Happy path (one paragraph). CodegenieCLI.main (Phase 0) parses argv via click. The tool-readiness check now probes for both git (required) and node (optional, ADR-0001); a missing node is logged at WARN but does not block the gather. Coordinator.gather() constructs an empty ParsedManifestMemo and exposes it on every ProbeContext via the optional parsed_manifest field. The coordinator runs LanguageDetectionProbe as a Wave-1 prelude (Phase 0 gap #4 resolution preserved + extended) so downstream probes see enriched_snapshot.detected_languages. Wave 2 dispatches the remaining five Layer A probes concurrently under Semaphore(min(cpu_count(), 8)). Each probe consults CacheStore.get(key); on miss, calls probe.run(enriched_snapshot, ctx). Probes that need package.json call ctx.parsed_manifest(repo_root / "package.json") — first call parses (via safe_json.load with 5 MB + depth 64 caps), subsequent calls return the memoized MappingProxyType-wrapped dict. Lockfile-heavy probes (NodeManifest) parse via probes._lockfiles._pnpm|_npm|_yarn.parse(...). Every ProbeOutput flows through Phase 0's _ProbeOutputValidator → OutputSanitizer.scrub → CacheStore.put chain unchanged. The CLI shallow-merges slices, validates the envelope + the six per-probe sub-schemas, atomically writes repo-context.yaml and raw/<probe>.json files, and records the audit run-record. Exit 0.

Decision points.

  • Wave 1 vs. Wave 2 dispatch (Coordinator): probes with requires=["language_detection"] cannot dispatch until LD completes; the existing topological-ordering machinery (Phase 0) is the seam.
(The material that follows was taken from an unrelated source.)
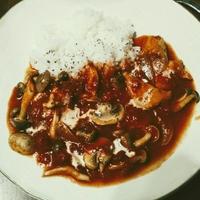 - 4 しめじを加えて更に2分煮ます。 ごはんと共に器に盛り付け、お好みで生クリームをかけ、みじん切りにしたパセリを振り完全です。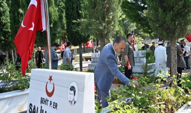 Bursa Valiliği'nin koordinasyonunda Bursa Büyükşehir Belediyesi tarafından düzenlenen 15 Temmuz Demokrasi ve Milli Birlik Günü etkinlikleri kapsamında Hamitler ve Pınarbaşı Şehitliklerinde anma töreni düzenlendi.BURSA (İGFA) - 15 Temmuz hain FETÖ darbe girişiminin yedinci yıldönümünde, 15 Temmuz şehitleri Bursa'da da farklı programlarla anılıyor. Bursa Valiliği koordinasyonunda Bursa Büyükşehir Belediyesi tarafından düzenlenen etkinlikler kapsamında Vali Yakup Canbolat ve Büyükşehir Belediye Başkanı Alinur Aktaş başta olmak üzere Bursa protokolü ilk olarak Hamitler Şehitliği'ni ziyaret etti. Burada şehit mezarlarına kırmızı karanfiller bırakan protokol üyeleri, şehitleri dualarla andı. Bursa protokolü daha sonra Pınarbaşı Şehitliği'ni ziyaret etti. Burada da tüm şehit mezarlarına kırmızı karanfiller bırakıldı, şehit yakınları ile sohbet edildi. Kuran-ı Kerim okunması ve yapılan duanın ardından şehitlikteki anma töreni sona erdi.15 Temmuz gecesi yaşanan ihaneti konu alan fotoğraf sergisi de Tarihi Belediye Binası yanındaki UNESCO Meydanı'nda ziyarete açıldı. Büyükşehir Belediyesi Şehir Tiyatrosu oyuncularının Orkestra Şube Müdürlüğü işbirliğiyle hazırladığı 'Adım Ömer Halisdemir' oratoryo gösterisi de beğeniyle izlendi.

Phase 1 leverages it; no new contract.
  • Memo hit vs. memo miss (probe): first probe to call ctx.parsed_manifest(path) parses; subsequent calls return the same dict. On parse failure, the memo does not cache; the next probe retries the parse and sees the same error.
  • Lockfile precedence (NodeBuildSystem): bun.lockb > pnpm-lock.yaml > yarn.lock > package-lock.json. Multiple → confidence: low, warning emitted.
  • node --version invocation (NodeBuildSystem): only if node ∈ ALLOWED_BINARIES (ADR-0001 makes it so) and on $PATH. Failure paths (binary absent, exec error, timeout) record node_version_resolved_locally: null; confidence unaffected.
  • pyarn available vs. hand-rolled fallback (_lockfiles/_yarn): module-level _HAS_PYARN boolean computed at import; selects parser at runtime. Decision recorded in ADR-0003 at land-time.
  • Per-probe sub-schema strict vs. envelope-loose (SchemaValidator): per-probe sub-schemas declare additionalProperties: false at their own root; the Phase 0 envelope's probes.*: additionalProperties: true is unchanged. The strictness layer is added without editing the existing chokepoint (ADR-0008's two-pass sanitizer is preserved).
  • Non-Node repo path (Coordinator): for_task filter on applies_to_languages skips the five Phase 1 Node probes. Sub-schemas declare slices as optional → envelope still validates with just language_stack.

Harness engineering

The Phase 0 harness shapes are unchanged. Phase 1 inherits them and adds three new structlog event names, one new error type per parser cap, and one new tracing field. Each is concretely tied to a Phase 0 seam.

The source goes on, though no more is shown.